# PROVIDED DATA:
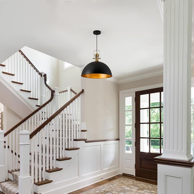 - [Industrial & Vintage Design]: 1-Light industrial farmhouse pendant light fixtures with adjustable cord, mattle black finish featuring retro-style dome shade, this antique pendant lighting is made of sturdy metal construction in black finish and inner gold finish.The vintage pendant lights is ideal for home, dining room, kitchen island, warehouse, entryway, corridor, restaurant, cafe, bar, club, barn, working bench.
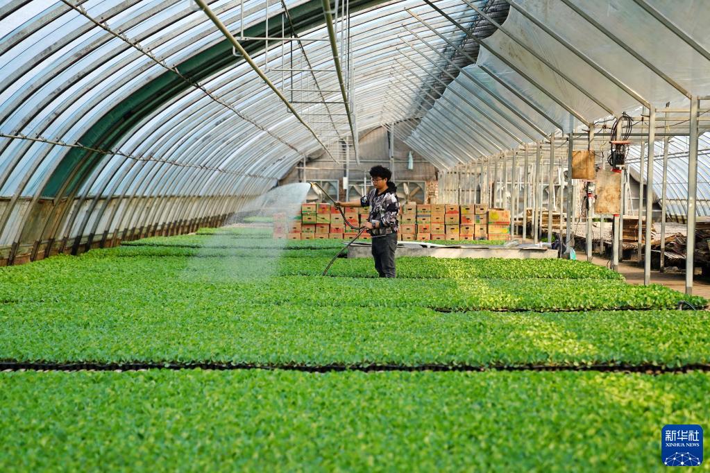 2月28日,河北省巨鹿縣觀(guān)寨鎮南哈口村村民在育苗棚內給蔬菜秧苗澆水。
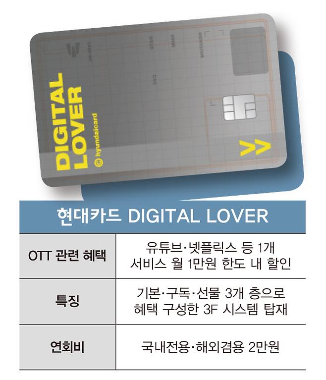 ‘현대카드 디지털 러버’(DIGITAL LOVER)는 온라인 쇼핑을 즐기고 트렌디한 문화생활을 영위하는 소비자에게 적합하다. 현대카드 디지털 러버에는 다른 성격의 혜택을 ▲기본 ▲구독 ▲선물이란 3개 층으로 구성한 ‘3F 시스템’이 탑재됐다. 1F는 상품의 기본 혜택 층으로 디지털 서비스 혜택을 제공한다. 유튜브 프리미엄·넷플릭스·멜론·지니 중 선택한 1개 서비스 이용요금을 매월 최고 1만원까지 할인해준다.
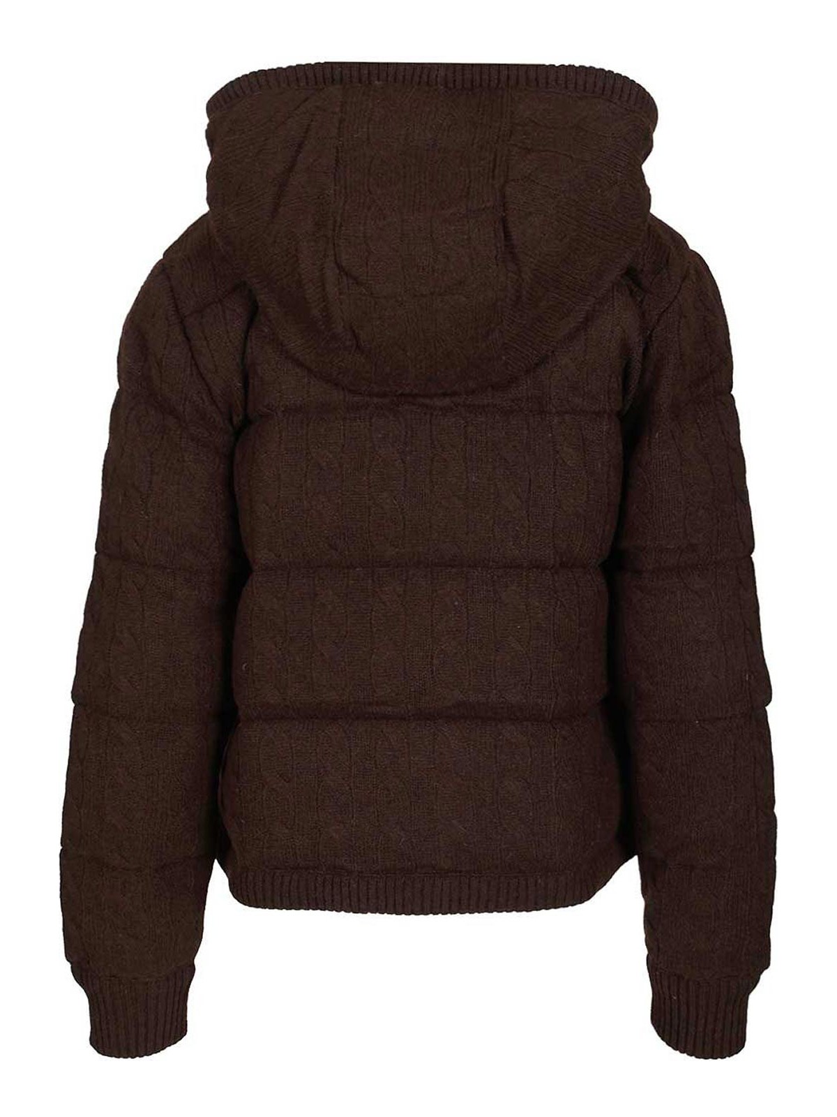 ケーブルニットのカシミアとウールのダウンジャケット、ドローストリング付きの取り外し可能なフード、ウェルトポケット、ダブルスライダージッパー。

# EXERCISE PROMPT:
Could you copy exactly, and with no pictures, the lines above from the one containing "최고 1만원까지 할인해준다." through the last line, both included?

# ANSWER TO THIS PROBLEM:
 ‘현대카드 디지털 러버’(DIGITAL LOVER)는 온라인 쇼핑을 즐기고 트렌디한 문화생활을 영위하는 소비자에게 적합하다. 현대카드 디지털 러버에는 다른 성격의 혜택을 ▲기본 ▲구독 ▲선물이란 3개 층으로 구성한 ‘3F 시스템’이 탑재됐다. 1F는 상품의 기본 혜택 층으로 디지털 서비스 혜택을 제공한다. 유튜브 프리미엄·넷플릭스·멜론·지니 중 선택한 1개 서비스 이용요금을 매월 최고 1만원까지 할인해준다.
 ケーブルニットのカシミアとウールのダウンジャケット、ドローストリング付きの取り外し可能なフード、ウェルトポケット、ダブルスライダージッパー。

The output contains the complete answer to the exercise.